I've had other lights over the years, but none recaptured the simple joy of that first set. In recent years, the lights have become smaller and feebler, the solar panels weaker and less efficient and they have seemed more obviously useless chunks of mixed metal and plastic waste, on the way to the bin.
But I've also valued the darkness more. I have a back garden shaded by trees, but between the trees from the dark well of my garden, sat in a deckchair curled under a blanket, I can look up and see stars, bats, the faint lights of satellites and planes far overhead.

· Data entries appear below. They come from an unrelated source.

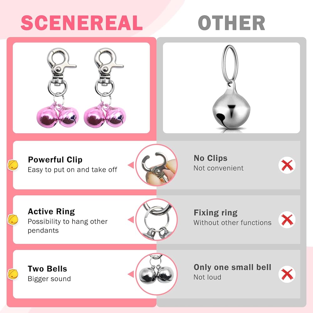SCENEREAL Bells for Dog Collars - 2 Pack Pet Hanging Ring Bell Accessories for Dog & Cat, Pet Pendant Collar Charm with Heavy Duty Snap Clips, Sliver Bells for Tracking and Training Christmas Gift, Pink+Pink
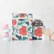 Dies ist ein farbenfroh Vintages Blumenmuster mit roten Blume und grünen Blätter auf weißem Hintergrund.
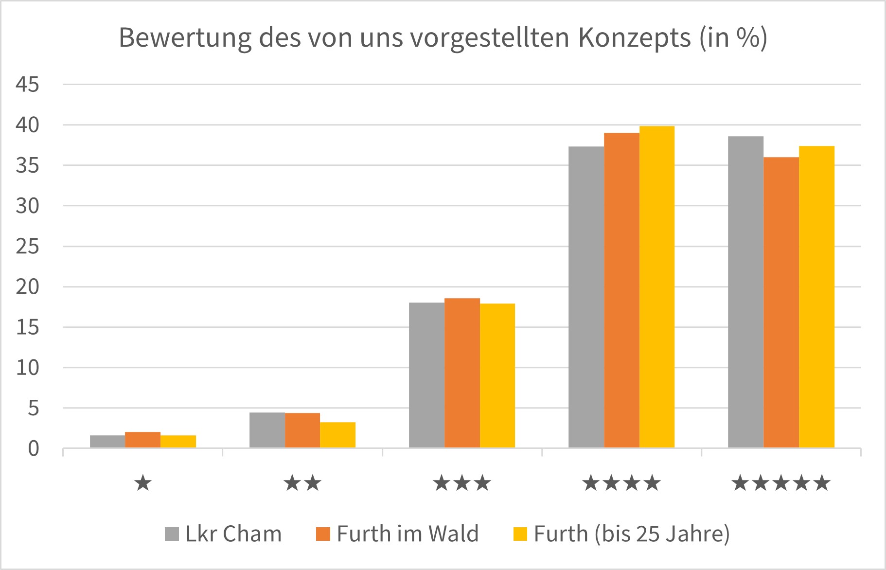 Die Bewertung unseres Konzepts zeigt, dass wir einen Nerv der Bevölkerung treffen. 3/4 der Personen haben entweder 4 oder 5 Sterne vergeben. Im Mittel wurde unser Vorschlag mit 4,1 von 5 Sternen bewertet.
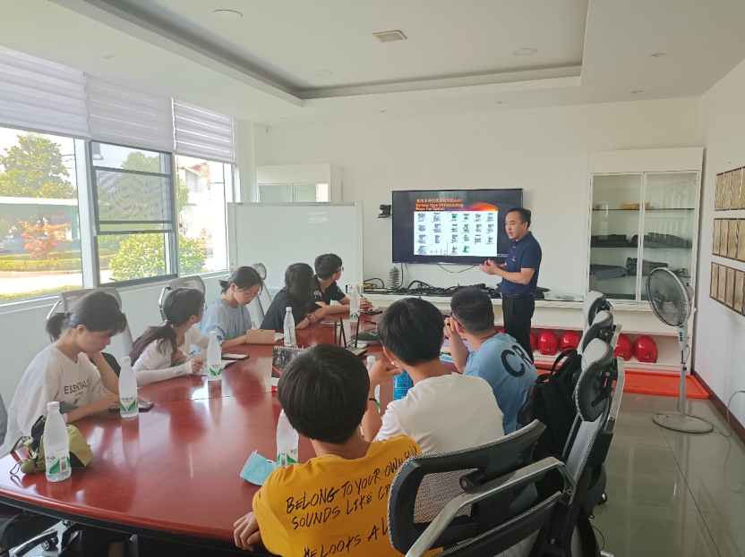 暑假社会调查广德团队来到了位于安徽省广德市的磐石油压工业有限公司进行实践学习。过程中,通过相关工作人员对该公司的介绍讲解,实践队员们对其发展历程有了一定的认识,后以提问咨询、深入生产车间参观生产流程等方式,进一步了解到公司现今工作布局和重点,以及未来近几年的发展规划。此外,实践队员还结合着专业所学知识,以乡村振兴为落脚点,在观摩交谈中学习与企业探讨发展经验总结与工艺提效,多角度探索可引领乡村振兴的高发展之路。
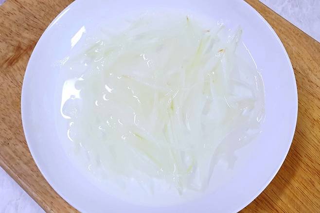 양파를 생으로 드시려는데 너무 맵다면 찬물에 10분 정도 담갔다가 드시면 매운기가 사라집니다. 고깃집처럼 양파 얇게 썰고 싶다면 감자칼 활용해 보세요^^*
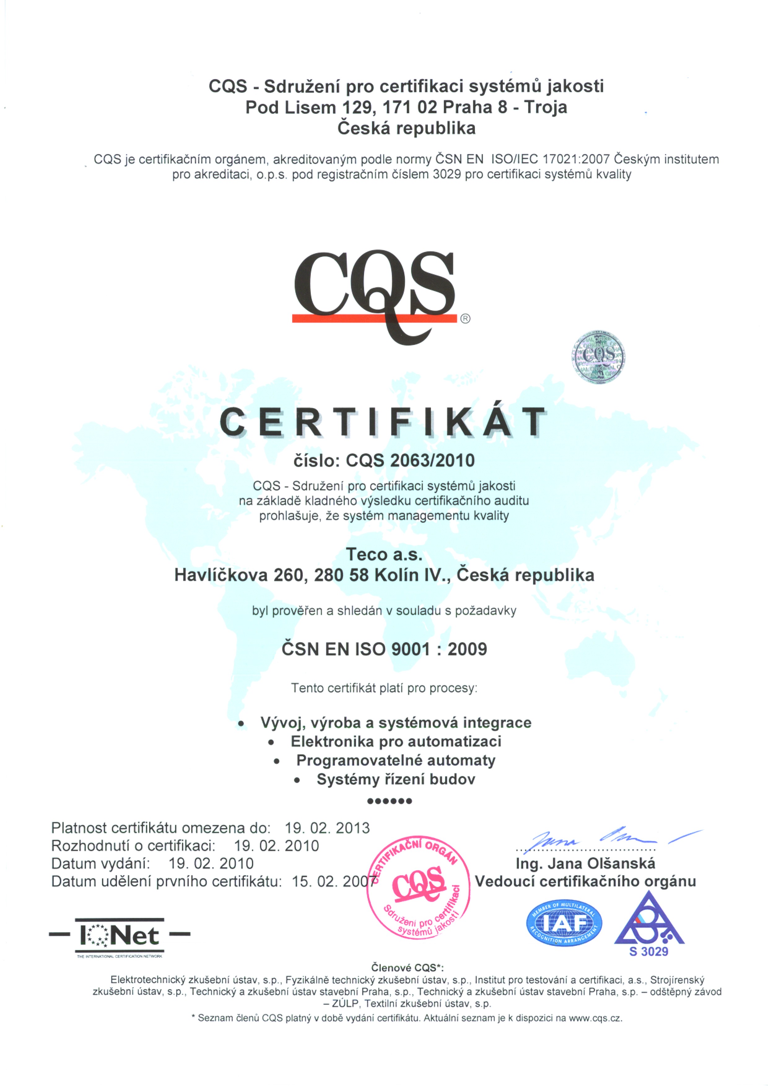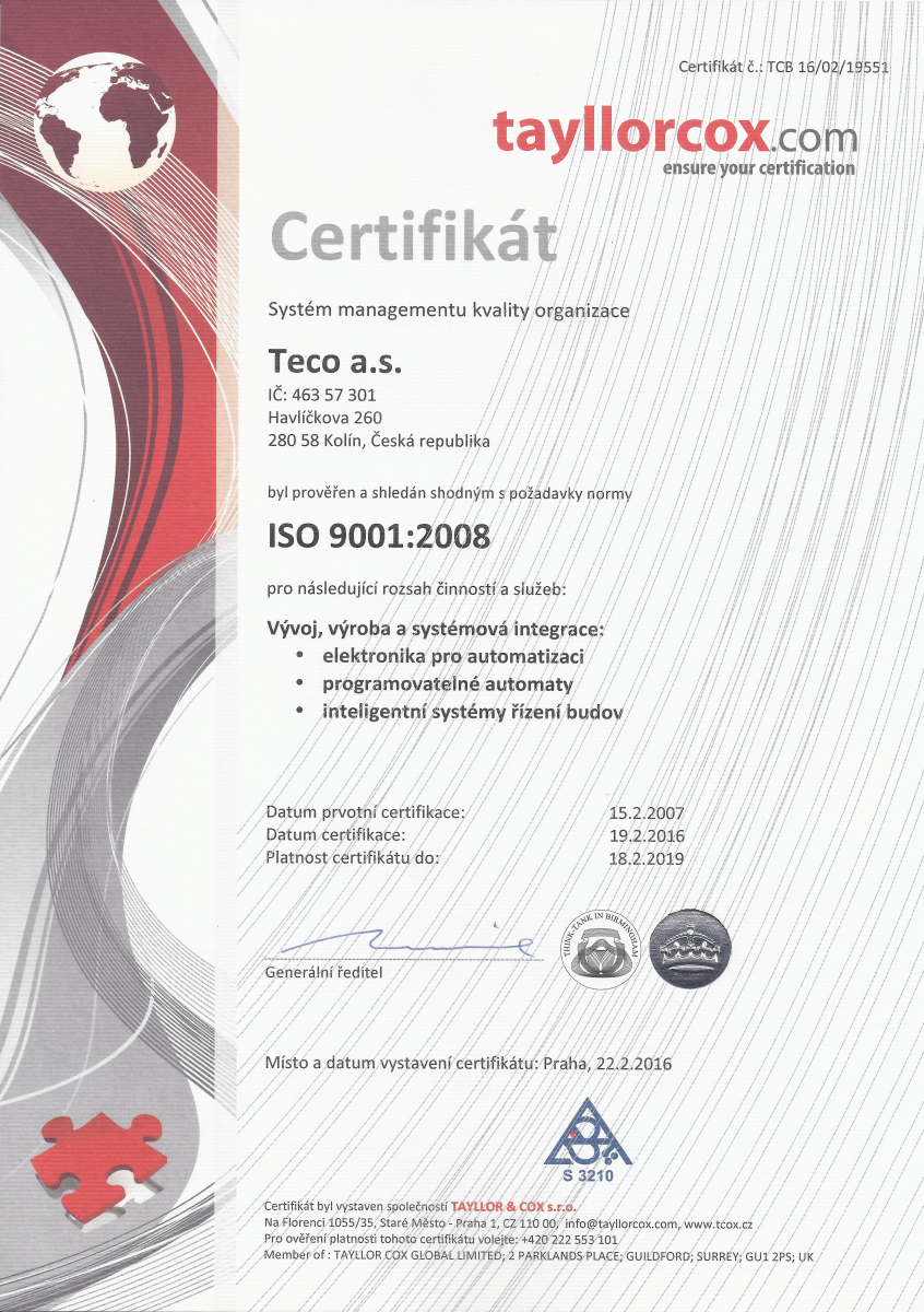 Certifikace Certifikace ISO Certifikace UL V současné době jsou certifikovány UL tyto produkty: CP-2007

So maybe I was talking about that
The overbright garden
But there was something else going on for me, and it's still there, to an extent. In common with many stroke survivors, I suffered from photophobia (fear of light) and visual field interruptions, hallucinations and absences, and I struggled in my overbright garden to manage the overwhelm of so much to process, to enjoy the pleasure of looking at my wild colourful outdoor space, and often found myself, shading my eyes (already shuttered behind sunglasses) thinking: please, make the garden simpler, less intense, easier, less overwhelm, darker.
Easier to process.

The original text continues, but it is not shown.